I had another good long discussion with @bmann this morning. We talked about automated vehicles, augmented reality and the implications on the gesopatial industry. Which, FYI, will be profound.

A few minutes later he tweets this:

That guy… Anyway.

Geo Git is far from being a “new thing”. The concept being that of applying the git code versioning process to geospatial data has been realised as Geo Gig and been sheperded by Boundless to the point it is at now. I am not going to comment on the state of the project. I honestly don’t know. But I will comment on the concept. This idea will become a key supporting structure of our future augmented world.

Take a moment and consider. After Pokemon, there will be more augmented applications, connected vehicles are a great example. There have been tragic Pokemon events, but considering the number of users (peaking at 25 million daily active users), the number of problems appears to be small. Obviously every tragic event is hugely distressing to all concerned, but imagine if the augmented application was driving your vehicle at 100kph (yeah, that’s in Canadian). Lots could go wrong, much faster.

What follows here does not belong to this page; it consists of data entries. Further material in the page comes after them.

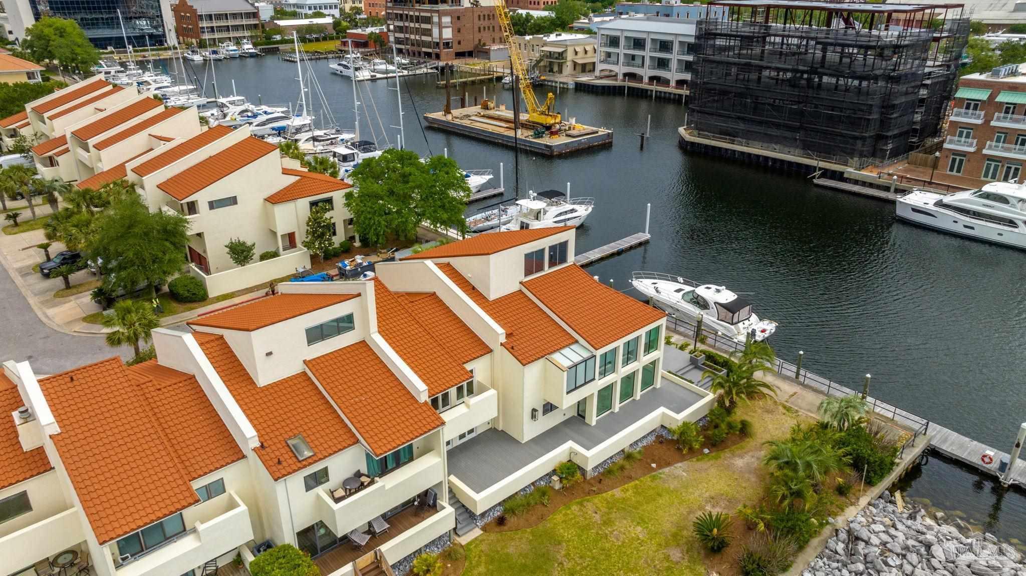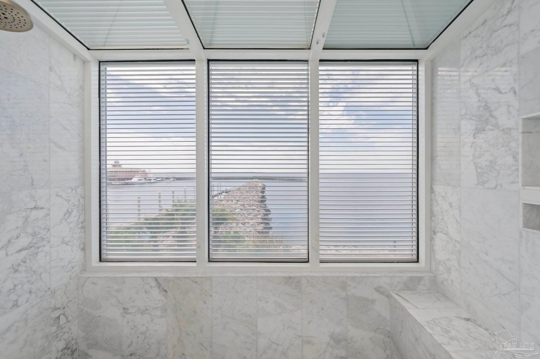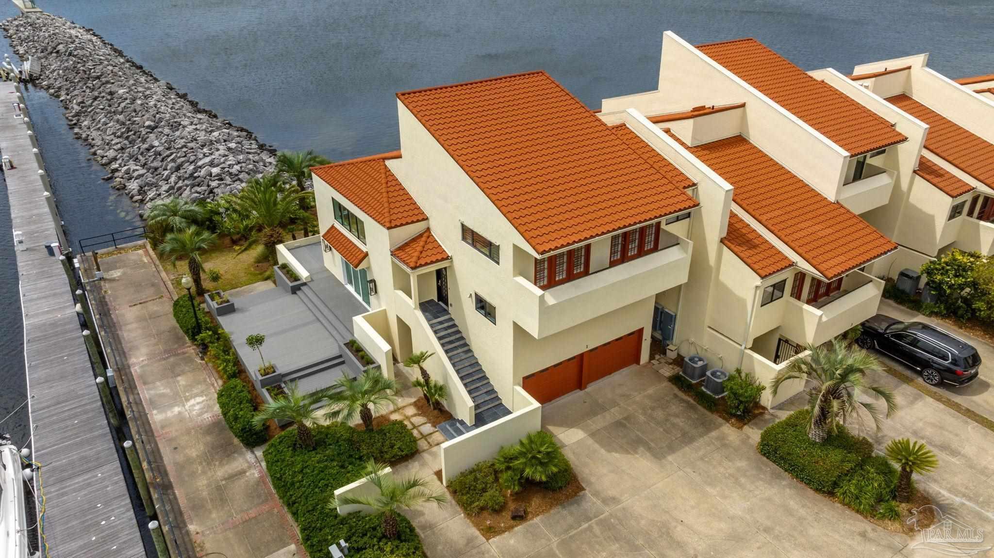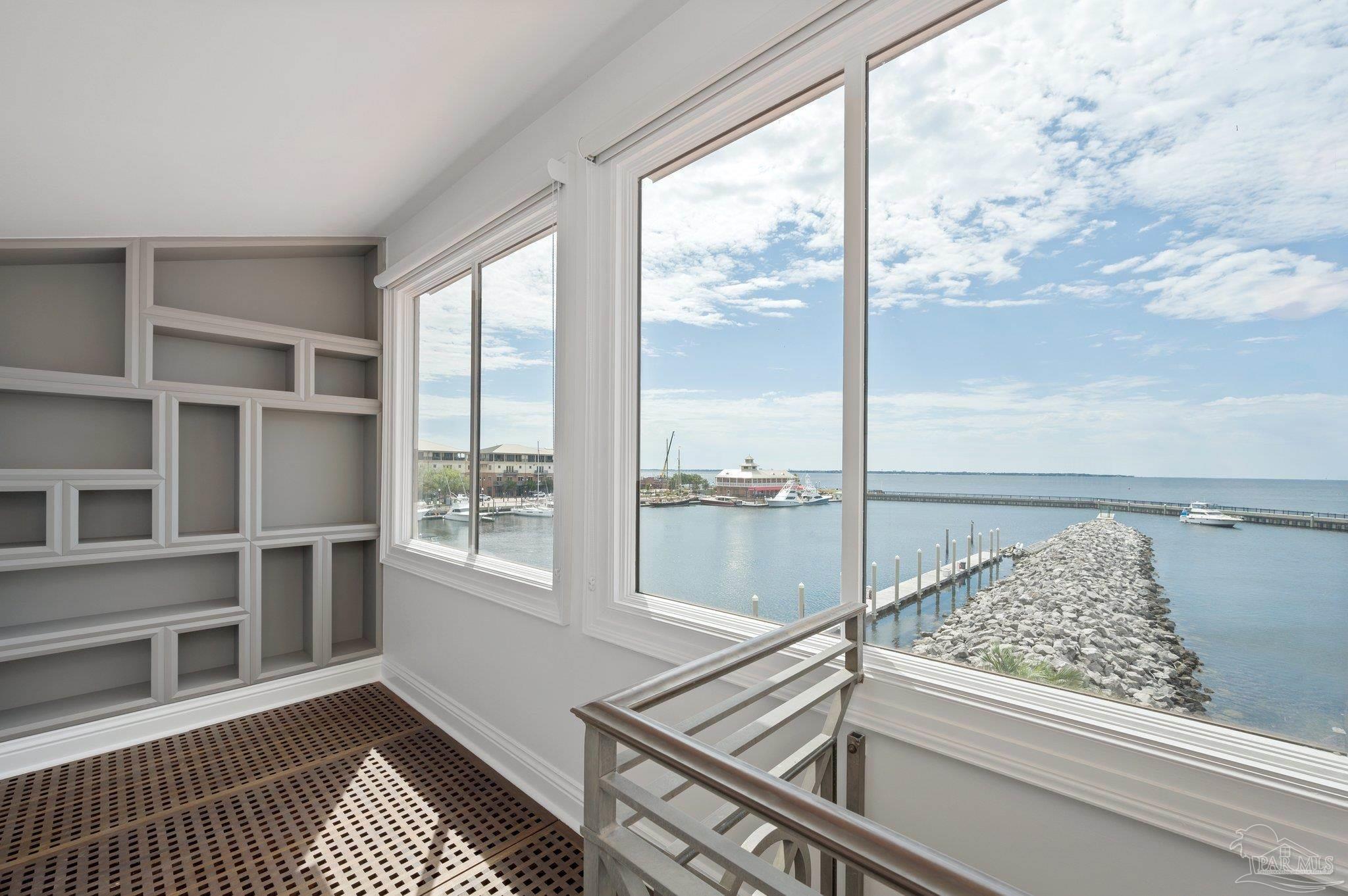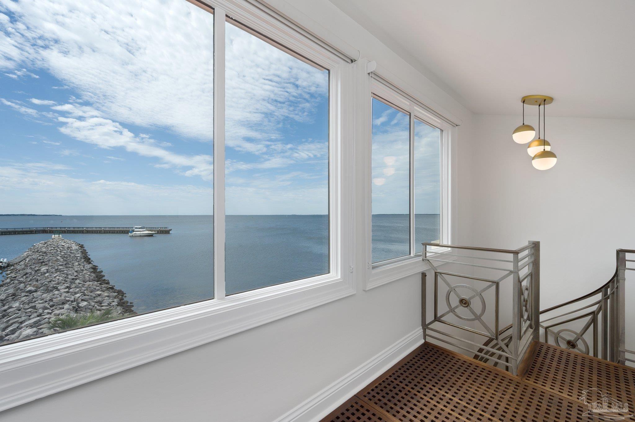 WATERFRONT LUXURY combined with the PERFECT LOCATION and unparalleled VIEWS of the Pensacola Bay are what make this impressive corner unit at Port Royal unique and one of a kind. Downtown living at its finest with access to shops, restaurants and Wahoo Stadium all within walking distance. This double unit has been completely renovated while maintaining its original charm with custom finishes and imported materials. The kitchen is a chef's dream with state of the art appliances, quartz countertops, gas range, center island and custom cabinetry. There is an additional catering kitchen that contains double ovens, dishwasher, and a full sized Sub-Zero refrigerator making this home perfect for entertaining guests. Conveniently situated between both kitchens is the formal dining room with an impressive refrigerated wine cellar with custom teak doors accessing the lanai. Off the kitchen is the grand living area with cathedral ceilings, floor to ceiling windows with breathtaking views of the Pensacola Bay and access to the lanai. The foyer is grand with custom metal railing and intricate glass French doors opening to a bonus room featuring a wet bar, ice maker, wine fridge, entertainment cabinet and even a secret door leading to a private safe. Down the hall is a powder bathroom & laundry room leading to a full bathroom and guest suite. The Master bedroom suite is located on its own private level with beautiful wood floors, balcony & custom two story closet that you have to see to believe! The Master bathroom is a sanctuary with separate vanities, dressing area, garden tub, private water closet and one of a kind marble shower with skylights overlooking the Bay. The next level features two additional guest bedrooms with full bathroom, and a bonus space accessed by a spiral staircase with stunning water views. This amazing home is complete with a spacious 3 car garage & community pool! Paradise Awaits!!
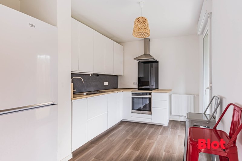 Son espace de vie, avec cuisine ouverte, profite d'une belle luminosité et s'ouvre directement sur une terrasse et un jardinet, exposés Sud !
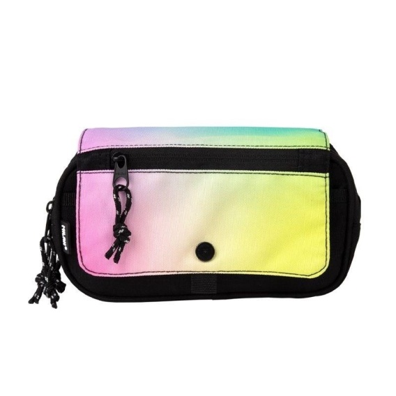Piórnik saszetka z 3 przegrodami zapinanymi na suwak i małą kieszonką z przodu na klapie. Seria SUNSET czarno-tęczowej tonacji. Połączenie gradientowych kolorów inspirowanych zachodem słońca z czarnymi detalami. Tkanina zewnętrzna Ripstop: lekka i odporna na rozdarcia, ponieważ wykorzystuje specjalną technikę, która splata grube, wzmacniające nici w regularnych odstępach, tworząc krzyżowy wzór. Materiał zewnętrzny i wewnętrzny 100% poliester. Wymiary: 13 x 24 x 10 cm.
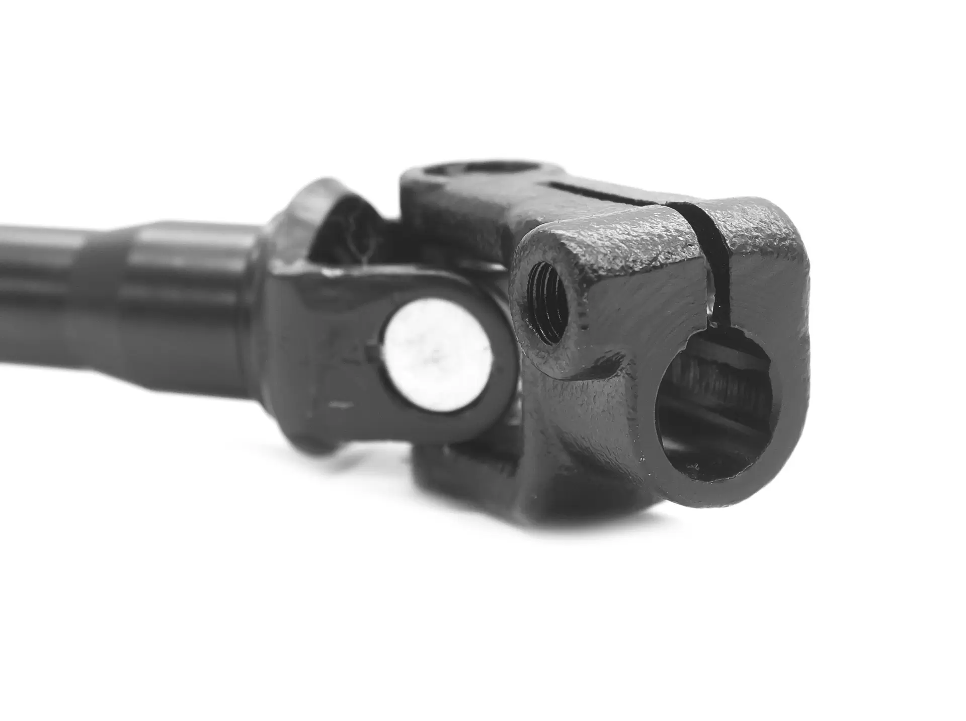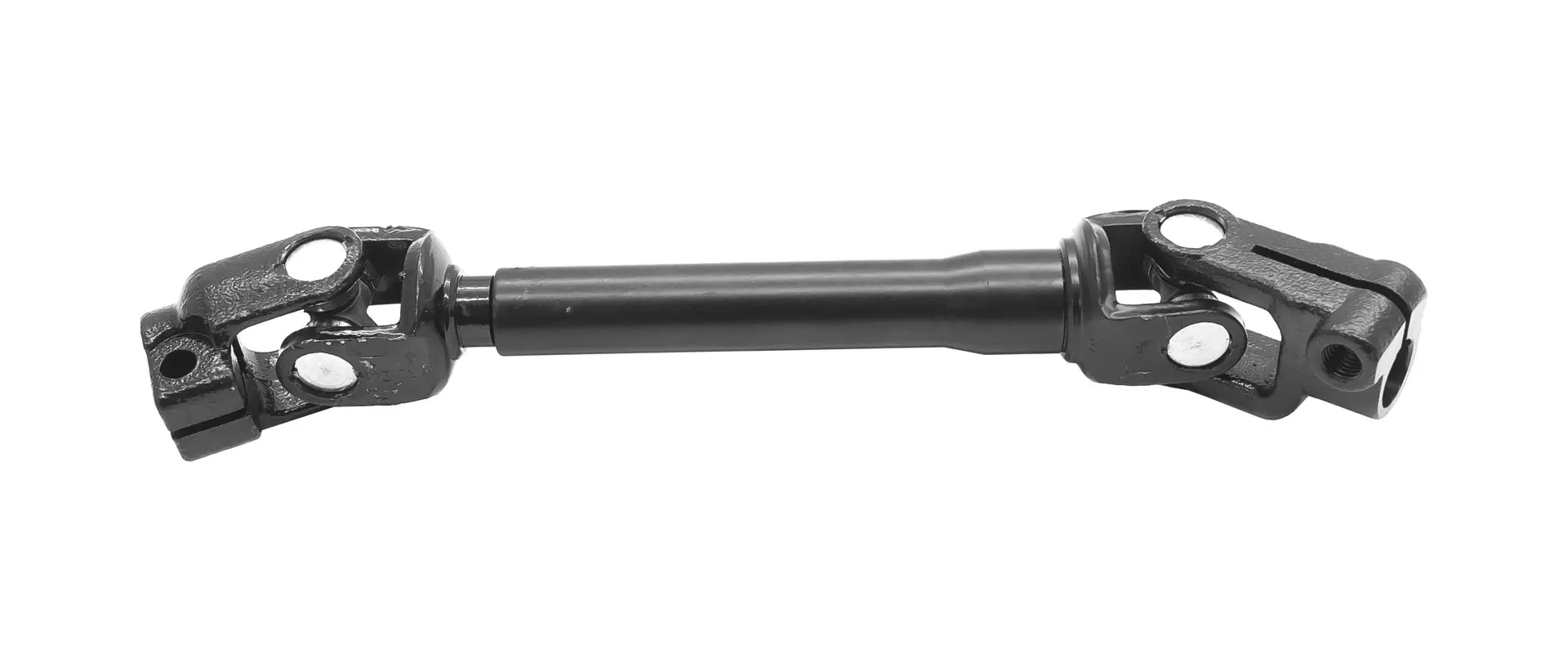 Карданный вал рулевого управления (телескопическая тяга карданного типа) с двумя шарнирами на игольчатых подшипниках - механизм, часть рулевого управления между рулевой колонкой и механизмом ГУР (редуктором). Вилки карданного вала крепятся к валу колонки и валу ведущей шестерни углового редуктора клиньями, которые затянуты гайками со шплинтами.
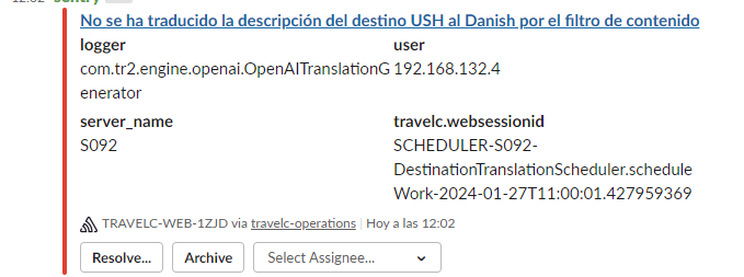 Como sabéis cada vez que se cotiza un destino en un idioma que no tiene descripción, el sistema automáticamente los traduce pero el chat gpt encuentra que alguna palabra o frase es inapropiada y de allí este error. Lo que debemos de hacer es traducir la descripción en el idioma que salta con el chat gpt.
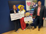 Zusätzlich organisierten die Azubis der WW-Bank im Rahmen der Handwerks-Challenge einen Getränkestand, dessen Erlös von 1.300 Euro ebenfalls an den Hospizdienst ging. Julia Görg von der WW-Bank und Michael Braun von der Kreishandwerkerschaft überreichten die Spende an Annika Klein von den Deutschen Kinderhospiz Diensten.
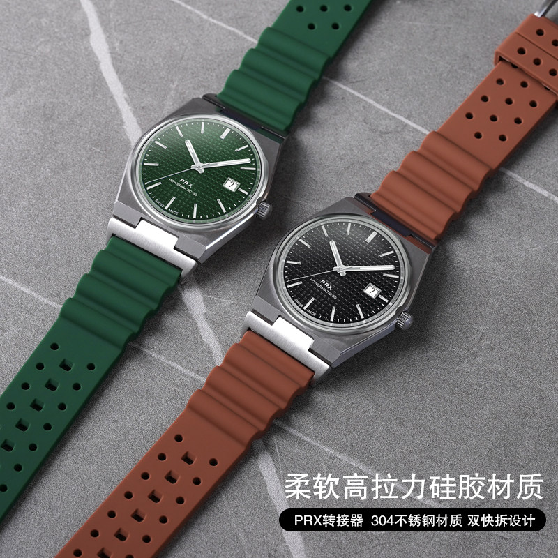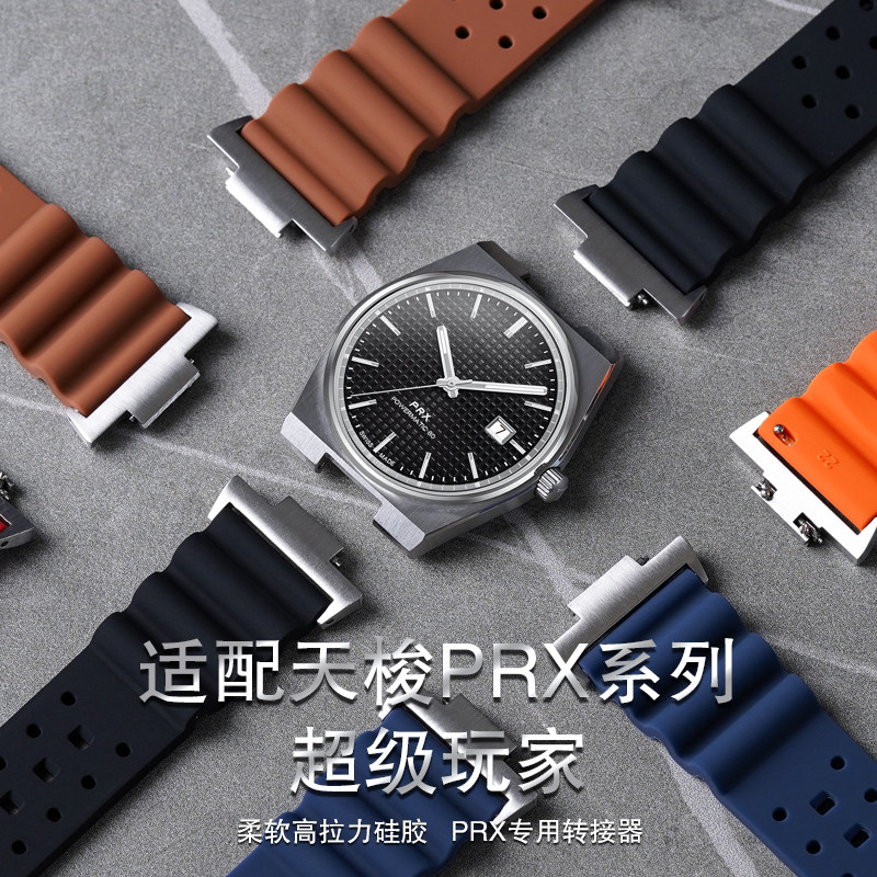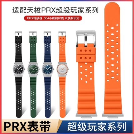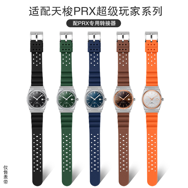 适用Tissot PRX表带弹力橡胶透气洞洞男款天梭超级玩家表带12mm
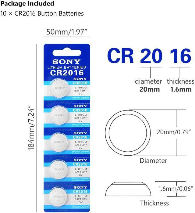 • 2020 10 Pcs For Sony CR 2016 3V Lithium Coin Cells Button Battery DL2016 KCR2016 CR2016 LM2016 BR2016 High Energy Density

Augmented experiences need to be based on real-life data. They need to know where the streets are, where the medians are, where the stop lines are. They will need to know a great deal more than that. Now, of course the car is also a sensor, but the base data needs to also exist pre live capture; in the car example, we have stopping distances to consider. Detecting a stop line 10 meters ahead when travelling at 100kph is a bad scene. Data points like that need to be known in advance of the first vehicle detecting the stop line. I have talked about data’s influence on AR recently, here I want to consider further the temporal nature of geospatial.

Data, my good friends, does not remain stationary. Like the world around us, data changes. It’s a simple thing to consider: data is a representation of our habitat, our habitat is always changing so data representing it should always change too.

Conceptually the solution might also appear simple. We just apply any changes to our base datasets as we go. Hell we could even pull in new snapshots of a data product. Well yes, and no. The thing about data is that it has personality; Open data in particular is opinionated and messy; data is very human, somewhat reflective of the organisation that created it. This means that we are left with a literal Tower of Babel. Not only are there many different shapes and sizes of data products, but each product can also be of a significant size and somewhat dirty in and of itself. Indeed, we now have alternative sources like hyper-temporal remote sensing to further support this live firehose of change.

As such, geospatial data management goes from being expert to insane mode very quickly. This is precisely the reason that Google Maps etc will never be done and that Uber continues to invest in geospatial.

We need to be looking hard at technologies like geo-gig again. If we can apply a git style methodlogy to our geospatial data we will be very much closer to some kind of reasonable, live, vector mapping fabric. Again, the stickler will be adoption. Custodians of those data products which are becoming so valuable, will themselves have to see value in the adoption of a common schema and a common API.

A common schema because generalisation must and will happen. A road in one US county is much the same as a road in another US county except, if one was to just look at the data, they appear to be quite different.

An API because data updates need to trigger external events. Unless we are to see a literal doubling of web traffic caused by bots testing for new public data products, the custodians of those modern open data products will need to have an API of change. A trigger indicating to the community that there is new or changed data to harvest. We absolutely need to move away from the idea of “quarterly releases” and towards the idea of a persistantly live fabric where small updates might be published daily or hourly.

So, our augmented future will change how we look at open geospatial data. Indeed, we will have to start thinking very hard about how temporal data management can be reasonably achieved.

Before you say it can’t be done, pause. You know it will be, it’s just a matter of time. Everything is impossible, right up to the day someone does it.